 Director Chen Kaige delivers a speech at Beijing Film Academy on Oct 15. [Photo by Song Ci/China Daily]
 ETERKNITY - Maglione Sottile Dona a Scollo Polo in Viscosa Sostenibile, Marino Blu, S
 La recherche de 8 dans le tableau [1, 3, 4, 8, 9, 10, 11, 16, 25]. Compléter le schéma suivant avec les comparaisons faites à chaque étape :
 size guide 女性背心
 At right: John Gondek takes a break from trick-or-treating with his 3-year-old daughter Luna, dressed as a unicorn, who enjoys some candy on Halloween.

---

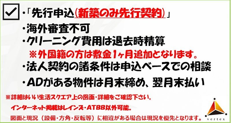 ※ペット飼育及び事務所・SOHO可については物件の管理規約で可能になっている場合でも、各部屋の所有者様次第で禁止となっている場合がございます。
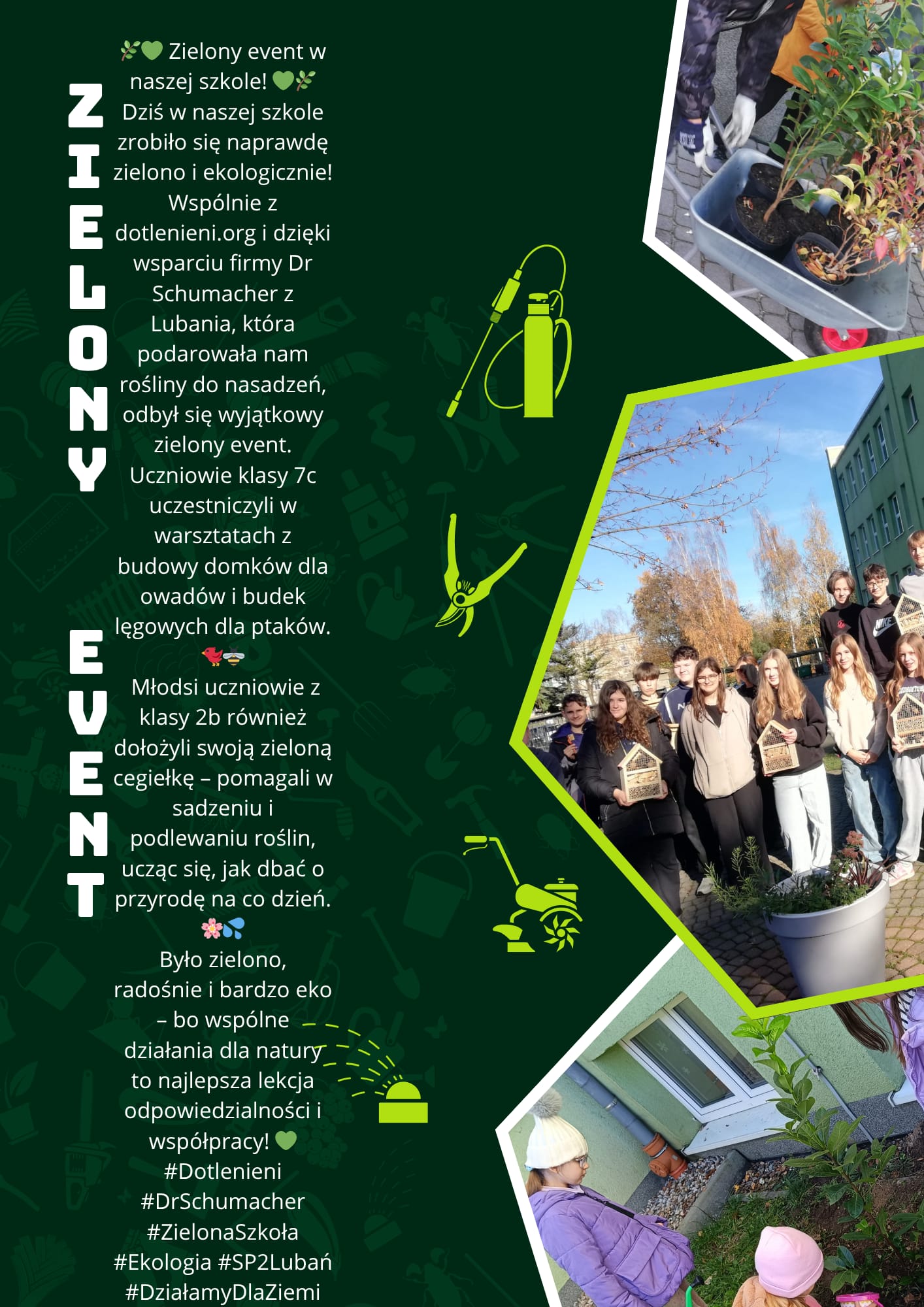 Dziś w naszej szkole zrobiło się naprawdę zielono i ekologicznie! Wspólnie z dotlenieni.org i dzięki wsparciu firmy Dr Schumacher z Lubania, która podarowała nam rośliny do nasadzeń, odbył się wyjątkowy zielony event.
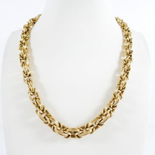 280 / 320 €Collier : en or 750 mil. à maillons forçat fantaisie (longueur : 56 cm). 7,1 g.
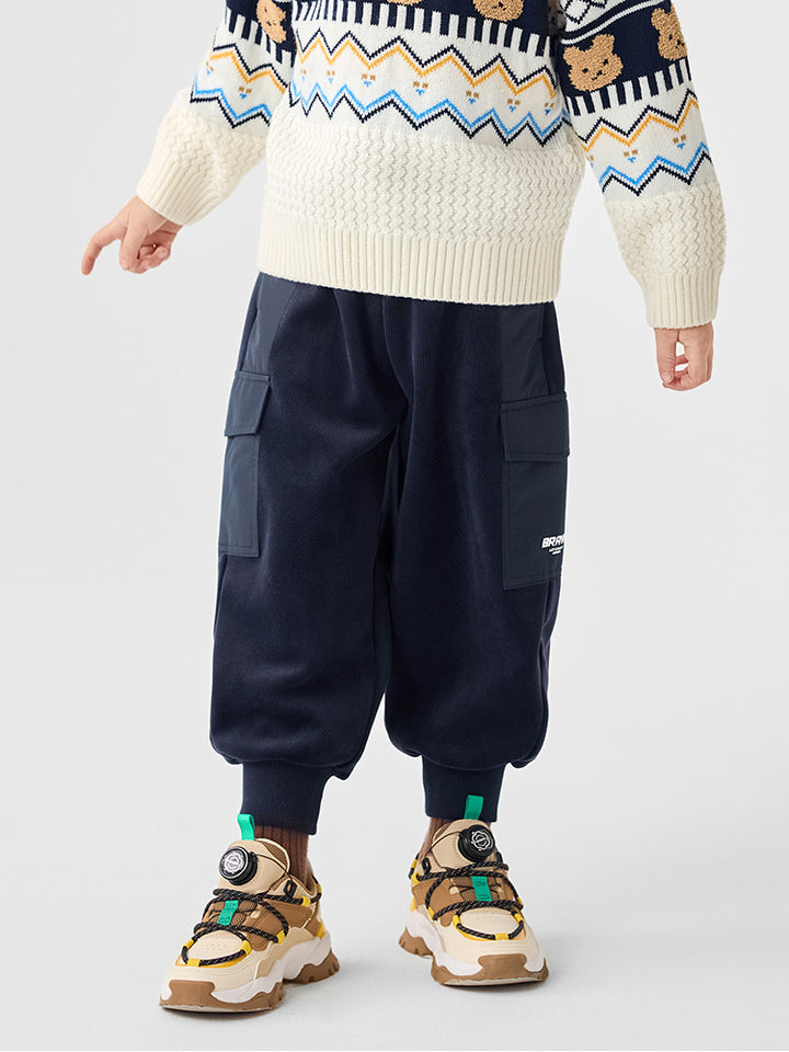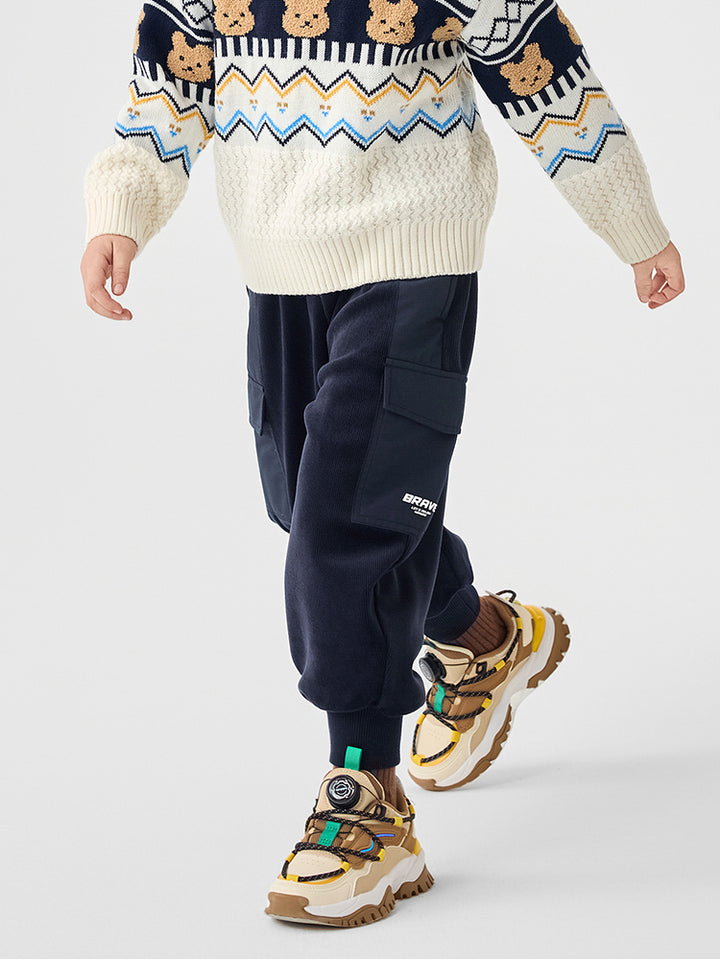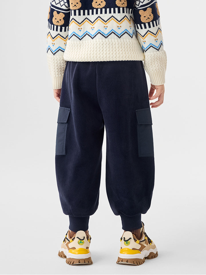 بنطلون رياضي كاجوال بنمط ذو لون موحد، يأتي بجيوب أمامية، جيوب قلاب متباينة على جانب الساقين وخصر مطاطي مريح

**How to complete this task**: The response should hold exactly the lines starting at the line with "Director Chen Kaige" and ending at the line with "At right: John", and no other line of the material above.

**Finished exercise**:
 Director Chen Kaige delivers a speech at Beijing Film Academy on Oct 15. [Photo by Song Ci/China Daily]
 ETERKNITY - Maglione Sottile Dona a Scollo Polo in Viscosa Sostenibile, Marino Blu, S
 La recherche de 8 dans le tableau [1, 3, 4, 8, 9, 10, 11, 16, 25]. Compléter le schéma suivant avec les comparaisons faites à chaque étape :
 size guide 女性背心
 At right: John Gondek takes a break from trick-or-treating with his 3-year-old daughter Luna, dressed as a unicorn, who enjoys some candy on Halloween.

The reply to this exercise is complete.